Advantages and Disadvantages of Public and Private Schools

Are you facing the tough decision between sending your child to a top private middle school or private high school, or sending them to the local public school? There are advantages and disadvantages to each option, and we'll explore them below:

  • Private School Advantages

Private high school and private middle school curricula are usually more focused on specialized topics (like the creative arts) that prepare students for careers and higher education in a chosen field. Class sizes are smaller, the student-to-teacher ratio is lower, and coursework is more challenging. Most private schools have access to better books, supplies and classroom technology.
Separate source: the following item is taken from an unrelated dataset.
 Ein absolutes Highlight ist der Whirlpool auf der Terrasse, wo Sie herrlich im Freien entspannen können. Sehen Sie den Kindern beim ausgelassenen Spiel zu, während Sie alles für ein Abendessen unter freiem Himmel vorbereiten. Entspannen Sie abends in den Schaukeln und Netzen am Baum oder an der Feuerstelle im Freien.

Private school students generally have higher graduation and college acceptance rates, and earn higher degrees by their mid-20s.
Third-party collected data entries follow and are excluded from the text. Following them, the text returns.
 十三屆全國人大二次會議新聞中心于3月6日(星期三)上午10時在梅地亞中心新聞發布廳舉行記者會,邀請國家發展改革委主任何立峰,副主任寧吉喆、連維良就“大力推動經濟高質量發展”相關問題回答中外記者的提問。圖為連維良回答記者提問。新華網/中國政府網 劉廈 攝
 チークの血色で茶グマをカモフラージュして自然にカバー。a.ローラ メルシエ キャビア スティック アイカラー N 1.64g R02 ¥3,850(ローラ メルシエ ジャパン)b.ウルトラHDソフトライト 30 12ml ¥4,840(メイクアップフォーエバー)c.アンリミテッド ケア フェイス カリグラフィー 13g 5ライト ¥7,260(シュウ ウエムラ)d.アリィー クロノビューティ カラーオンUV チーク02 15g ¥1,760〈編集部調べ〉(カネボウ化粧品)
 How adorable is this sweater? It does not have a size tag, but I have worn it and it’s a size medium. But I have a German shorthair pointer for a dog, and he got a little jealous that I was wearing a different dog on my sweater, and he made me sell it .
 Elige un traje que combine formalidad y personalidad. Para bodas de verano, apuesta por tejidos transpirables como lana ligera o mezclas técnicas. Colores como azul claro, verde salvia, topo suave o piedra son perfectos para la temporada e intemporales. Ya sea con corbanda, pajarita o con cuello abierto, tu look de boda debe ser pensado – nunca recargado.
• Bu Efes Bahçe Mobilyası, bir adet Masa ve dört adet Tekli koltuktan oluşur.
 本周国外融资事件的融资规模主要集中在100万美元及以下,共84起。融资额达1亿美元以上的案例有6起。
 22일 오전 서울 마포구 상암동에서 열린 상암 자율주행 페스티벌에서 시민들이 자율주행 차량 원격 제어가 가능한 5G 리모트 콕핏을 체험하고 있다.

  • Private School Disadvantages

The cost of attending a private high school or middle school is higher than attending a public one. Since courses are specialized, students may have a smaller range of subjects they can pursue. Students usually have to pass an entry exam to be admitted. Private schools are also less regulated by the state, which means that teachers aren't required to hold teaching degrees and special education programs may be lacking. However, private school teachers are more likely than their public school counterparts to report being satisfied with their school and its educational climate.
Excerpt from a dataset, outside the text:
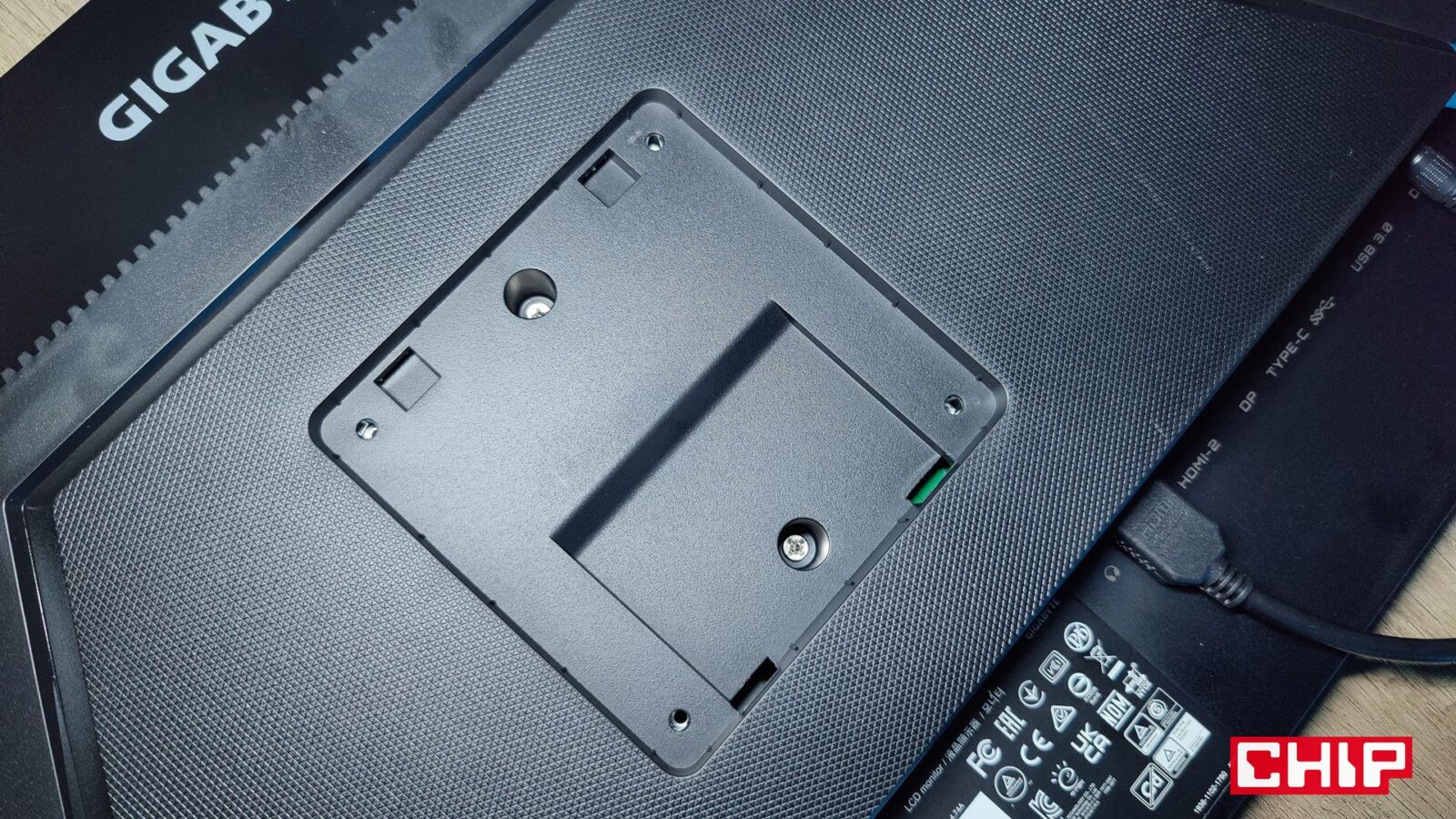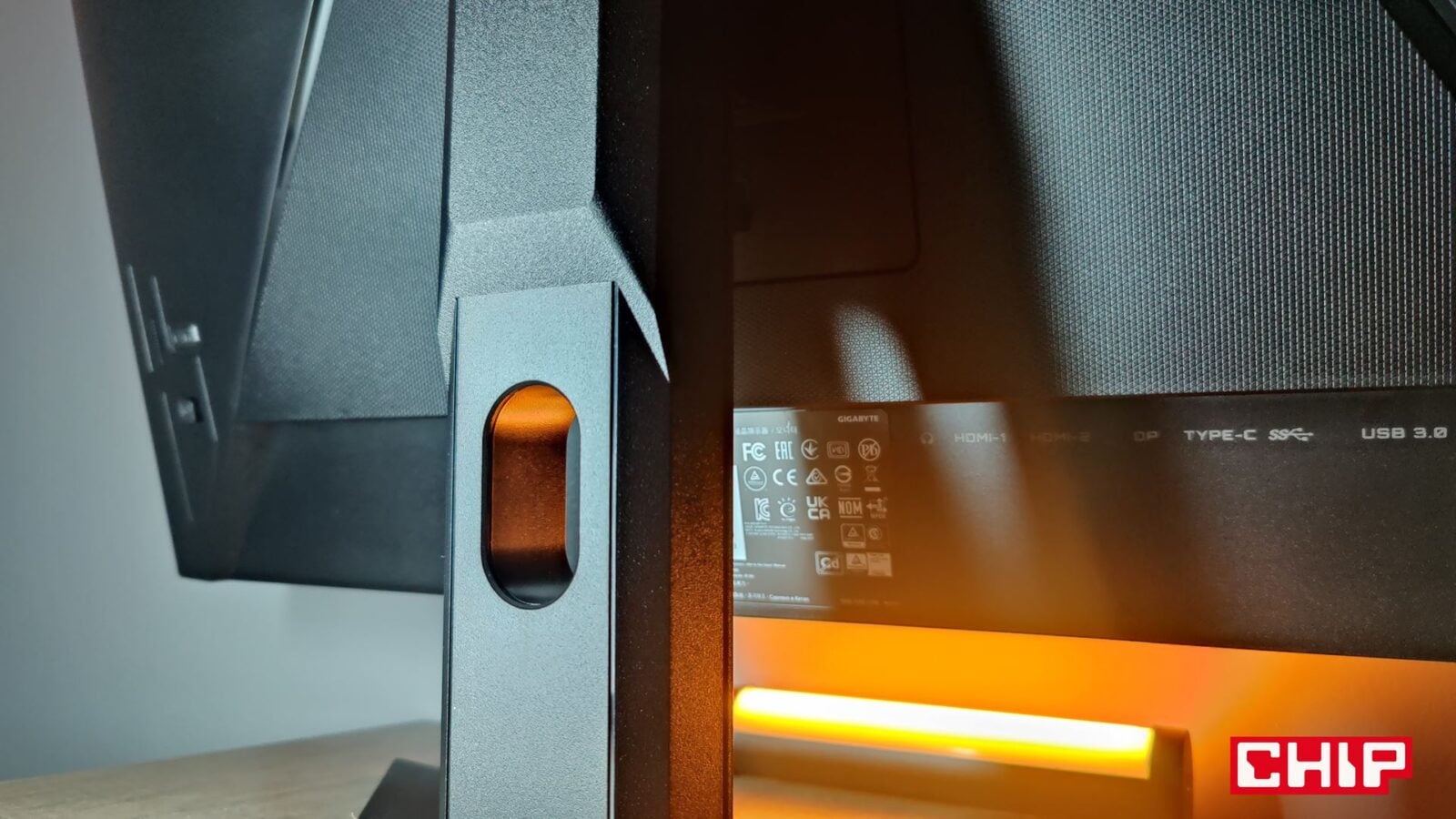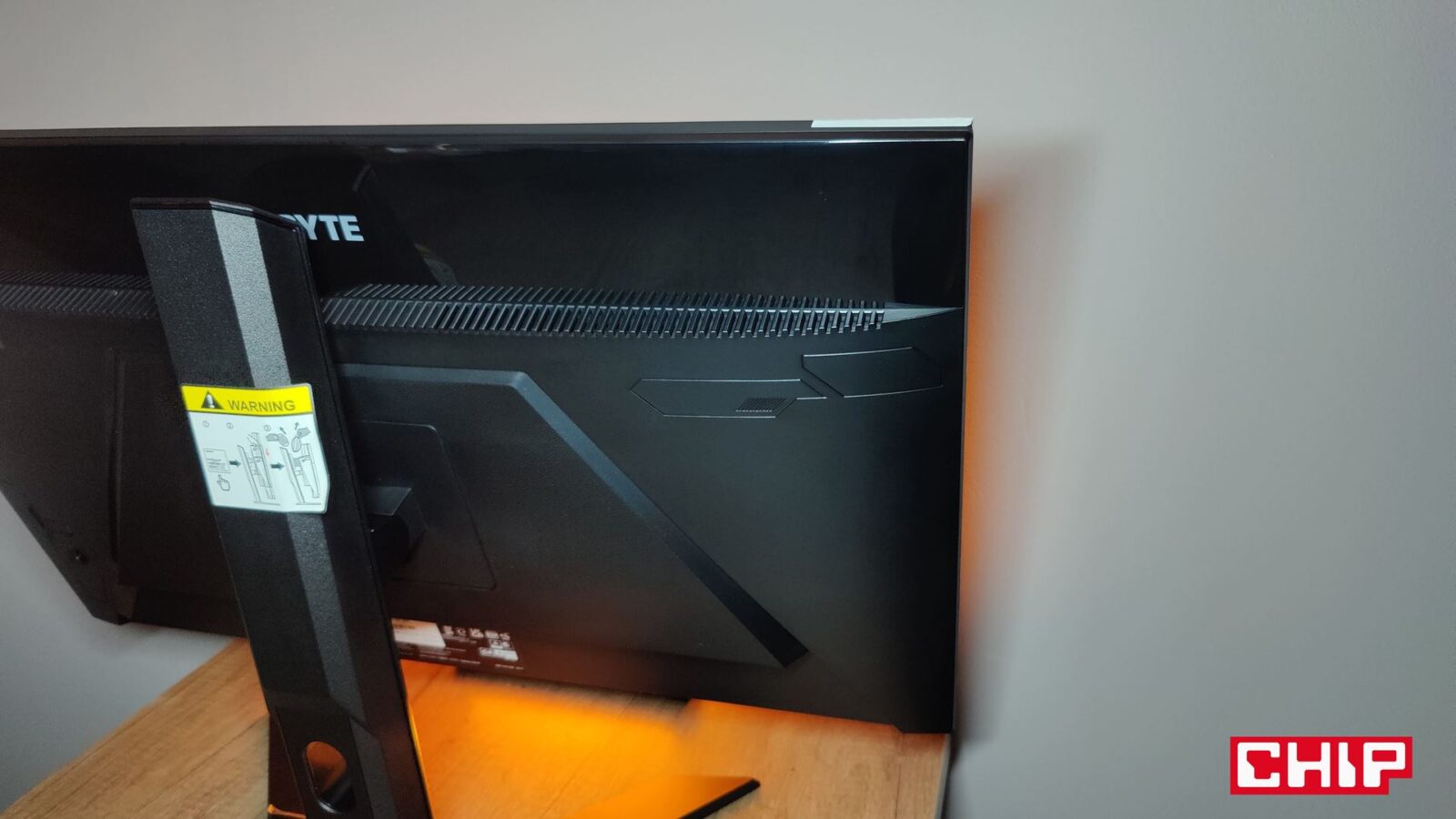 Projekt monitora Gigabyte M27Q X można uznać za dobrze przemyślany. Ciekawe plecki doczekały się dwuczęściowej obudowy (matowy plastik w dolnej i błyszczący w górnej części), wielkich otworów wentylacyjnych, przycisku do przełączania się między dwoma podłączonymi sprzętami i 4-kierunkowego przycisku funkcyjnego w prawym dolnym rogu.

  • Public School Advantages

At a public school, students often have more diverse course options and wider access to sports, arts and music programs. Many parents and students in public schools feel like they have closer relations to the local community. Teachers are required to be certified educational instructors. Public schools are also low cost.

  • Public School Disadvantages

Class sizes are often much larger, resulting in less individualized attention. Classes are geared toward a mid-learning level, which may cause more advanced students to lose interest. Access to learning materials and classroom technology is limited, and textbooks are often outdated and worn. Public schools also have more days off, which may challenge busy parents.
There isn't one choice that's best for every student and family, so talk to your child and try to select the school that best fits their needs.